— Молодец, молодец, коллега, — еще раз похвалил Леонид Константинович покрасневшего Витю. — Теперь вы смело можете считать, что вашей находке лет пятьдесят — шестьдесят. Партия бумаги держится в обиходе, как правило, года три, от силы пять или, возьмем самый крайний случай, десять лет. Значит, одна граница определилась — девятисотые годы. Скорее всего — начало девятисотых годов. Теперь дело за второй.
— Какой второй? — не поняла Оля.
— Дело за второй границей, — объяснил Леонид Константинович. — Мы выяснили конечную дату жизни М. Р., дату его гибели, а теперь надо восстановить исходную дату.
Ребята задумались. Они молча вспоминали странички дневника, известные им уже почти наизусть.
Витя, подняв глаза к потолку, что-то бормотал и загибал палец за пальцем на руке.
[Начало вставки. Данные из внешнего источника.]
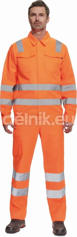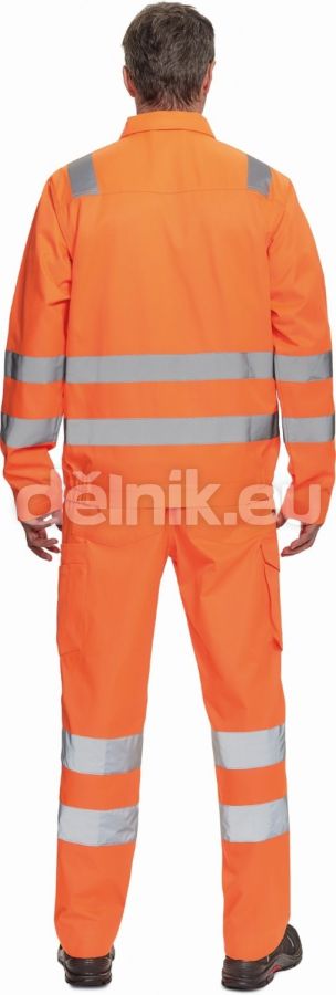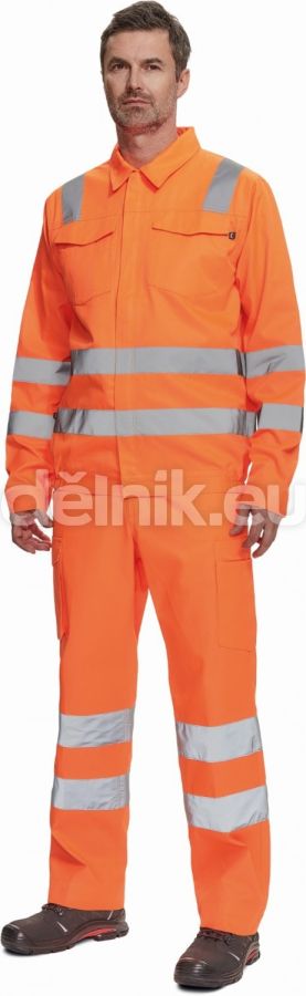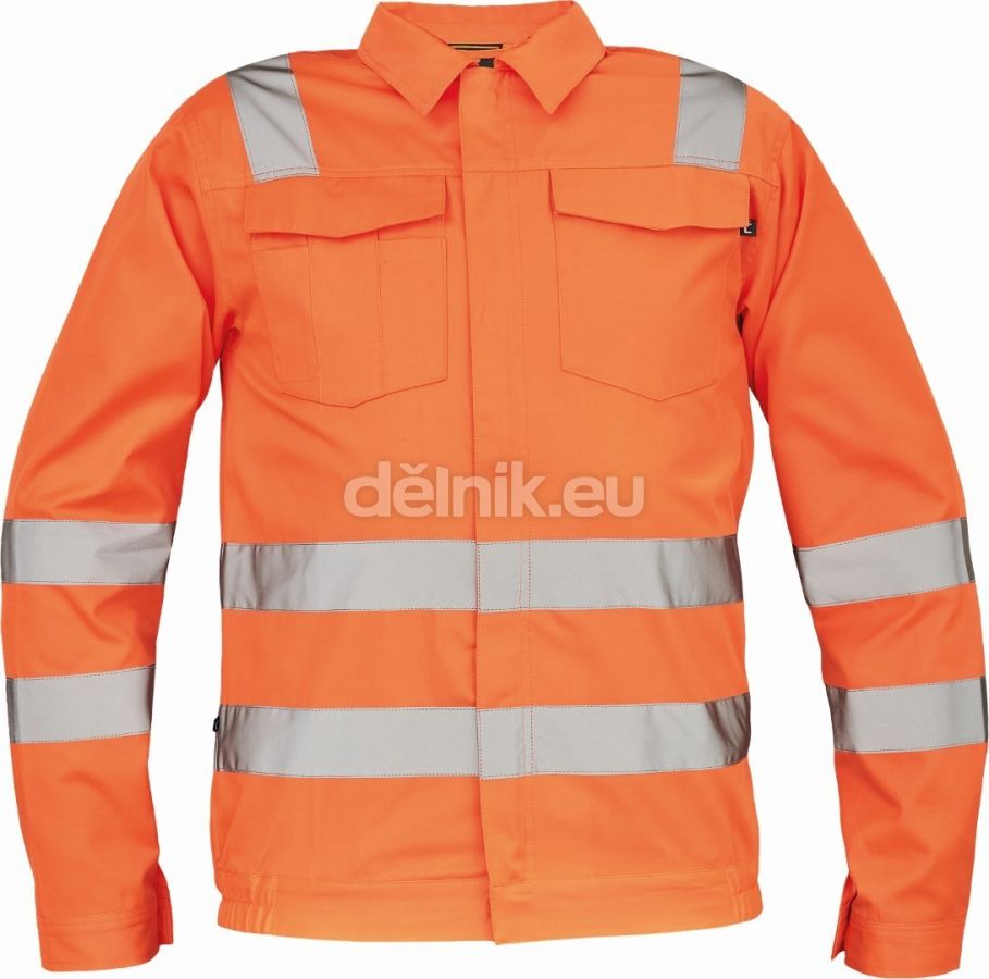 pánská lehká full HI-VIS pracovní bunda s reflexními pruhy přes ramena, v bocích a na rukávech; zapínání na zip kryté légou na suchý zip; 2 náprsní kapsy s klopou; nastavitelná šířka rukávů pomocí suchého zipu; elastický lem boků; svrchní materiál: 50 % bavlna, 50 % polyester, 200 g/m²

Так он долго вел свои странные подсчеты и, наконец, твердо заявил:
— М. Р. погиб молодой!
— Почему? — воскликнула Оля.
— Почему? — с небольшим запозданием спросил и Генька.
— На кедры лазил — раз… лося дубинкой убил — два… пятьсот верст по тайге хотел пройти — три… — разгибая пальцы, сообщил Витя.
Четвертый палец у него еще был загнут.
— И стихи любил — четыре… — добавил он. — Был бы стариком… все стихи бы перезабыл…
— Ой, здорово! — захлопала в ладоши Оля.
— Ну, в этом вы, мой юный друг, ошибаетесь, — обидчиво возразил архивариус. — Насчет любви к стихам вы явно не осведомлены. А в остальном ваша гипотеза мне кажется правдоподобной. Поздравляю, поздравляю! У вас, молодой коллега, очень четкое логическое мышление.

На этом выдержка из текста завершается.